The digital envelope consists of a message encrypted using secret-key cryptography and an encrypted secret key. While digital envelopes usually use public-key cryptography to encrypt the secret key, this is not necessary. If Alice and Bob have an established secret key, they could use this to encrypt the secret key in the digital envelope.
Suppose Alice wants to send a message to Bob using secret-key cryptography for message encryption and public-key cryptography to transfer the message encryption key. Alice chooses a secret key and encrypts the message with it, then encrypts the secret key using Bob's public key. She sends Bob both the encrypted secret key and the encrypted message. When Bob wants to read the message he decrypts the secret key, using his private key, and then decrypts the message, using the secret key. In a multi-addressed communications environment such as e-mail, this can be extended directly and usefully. If Alice's message is intended for both Bob and Carol, the message encryption key can be represented concisely in encrypted forms for Bob and for Carol, along with a single copy of the message's content encrypted under that message encryption key.

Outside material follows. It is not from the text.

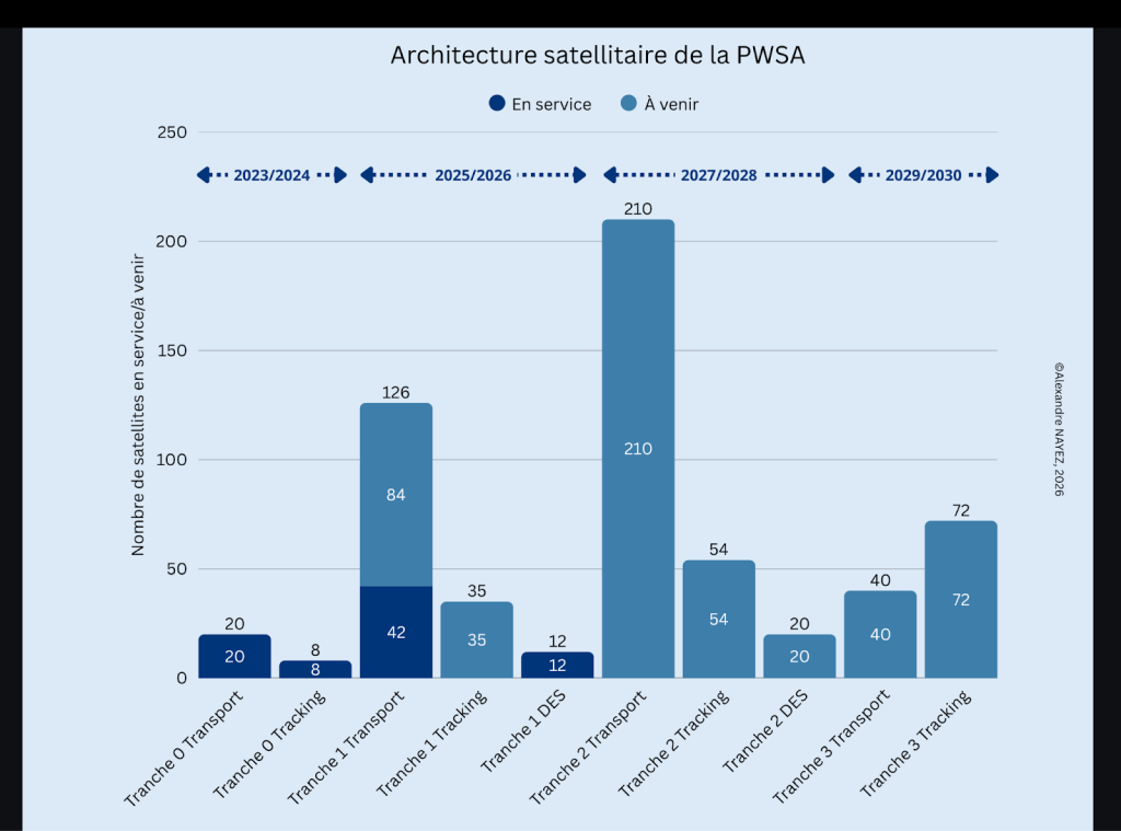 L’émergence de la PWSA et du projet Golden Dome for America traduit une transformation profonde de la défense antimissile américaine, reposant désormais sur l’espace comme infrastructure opérationnelle. Conçue par la Space Development Agency (SDA), la PWSA repose sur une constellation de satellites en orbite basse, et est divisée en différentes Tranches numérotées, elles-mêmes organisées en plusieurs Layers selon les fonctions des satellites. Sur le plan opérationnel, les Tranches sont lancées tous les deux ans depuis 2023 (Tranche 0), et les projets actuels de la SDA courent jusqu’à début 2034 (Tranche 5) (Weaver, 2024). Cette architecture proliférée, qui devrait compter à terme entre 400 et 500 satellites, rompt avec le modèle spatial hérité de la guerre froide, fondé sur un nombre limité de plateformes de grande valeur en orbite élevée, vulnérables et difficilement remplaçables. En privilégiant la prolifération, la redondance et la latence réduite, elle vise à garantir la persistance des capacités de commandement et de contrôle (C2) dans un environnement spatial contesté.

Alice and Bob may use this key to encrypt just one message or they may use it for an extended communication. One of the nice features about this technique is they may switch secret keys as frequently as they would like. Switching keys often is beneficial because it is more difficult for an adversary to find a key that is only used for a short period of time (see Question 22.214.171.124 for more information on the life cycle of a key).
Not only do digital envelopes help solve the key management problem, they increase performance (relative to using a public-key system for direct encryption of message data) without sacrificing security. The increase in performance is obtained by using a secret-key cryptosystem to encrypt the large and variably sized amount of message data, reserving public-key cryptography for encryption of short-length keys. In general, secret-key cryptosystems are much faster than public-key cryptosystems.
The digital envelope technique is a method of key exchange, but not all key exchange protocols use digital envelopes (see Question 2.2.3).